Philippine mangoes come to almost triple the cost of Mexican mangoes on the US market, making growth of the export difficult, but the Philippine government has begun examining options to reduce the freight costs which represent 60 per cent of the fruit’s landed price.
An official of the Bureau of Plant Industry (BPI), an agency attached to the Agriculture Department, said the Bureau would again test controlled atmosphere (CA) technology in a shipment from Manila to Chicago via California, reported Business World Online.
“The only problem for our mangoes is our freight cost. The controlled atmosphere would allow mangoes to ‘sleep’ for 27 days to save on shipping cost,” said BPI Technical Director Hernani G Golez, who is also the head of the National Mango Research and Development Centre.
At the moment, Philippine mangoes on the American market cost about US$40 per 5kg carton, compared to only US$14.50 for Mexican mangoes. The Philippine government aims to cut that price to US$21-22 per carton.

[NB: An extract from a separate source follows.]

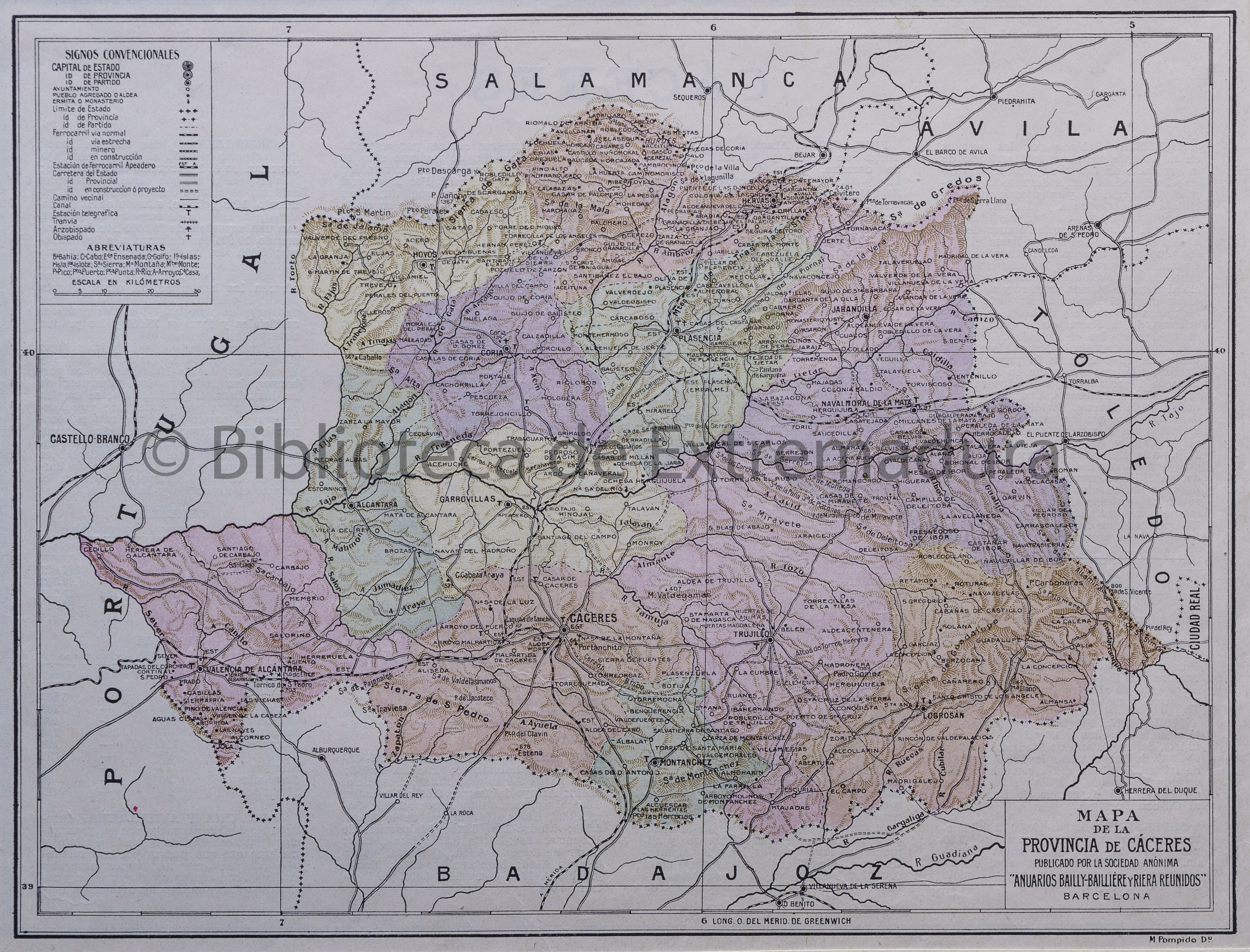 NOTAS Al verso: Texto impreso con la descripción de la provincia de Cáceres. – Relieve por sombreado. – Márgenes graduados. – Meridiano de origen, Greenwich. – Red hidrográfica. - Clave de símbolos indicando: capital de estado, de provincia y partidos, ayuntamientos, pueblos agregados o aldea, límites estatales, provinciales y de partido, ferrocarriles, carreteras, caminos, canales, estación telegráfica, etc. – Anotación manuscrita con la relación de los partidos judiciales de la provincia de Badajoz y el número de ayuntamientos. – La fecha del documento ha sido extraída de la catalogación de la Biblioteca Nacional |
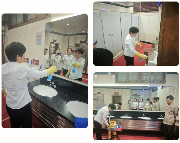 6月27日開展的第二期培訓聚焦“衛(wèi)生間深度清潔”專題。陳經(jīng)理系統(tǒng)傳授了玻璃清潔的“四步工作法”和異味治理方案,通過現(xiàn)場實操演練,幫助員工攻克日常工作中的難點問題。參訓員工紛紛表示,這種理論聯(lián)系實際的培訓方式讓他們獲益良多。

On the other side of the fence is Roberto C Amores, vice president for Agriculture and Food Security of the Philippine Chamber of Commerce and Industry, who told Business World Online cross-breeding local mango varieties with semi-temperate varieties to produce a mango with a long shelf life was a better way to go.
“There was no conclusive data that will prove that the shipment by controlled atmosphere in a long transit ship to the United States and Europe is successful,” Mr Amores said.
The Philippines sent 37,157kg of mangoes to the US worth US$183,675 in 2007, according to the Bureau of Agricultural Statistics.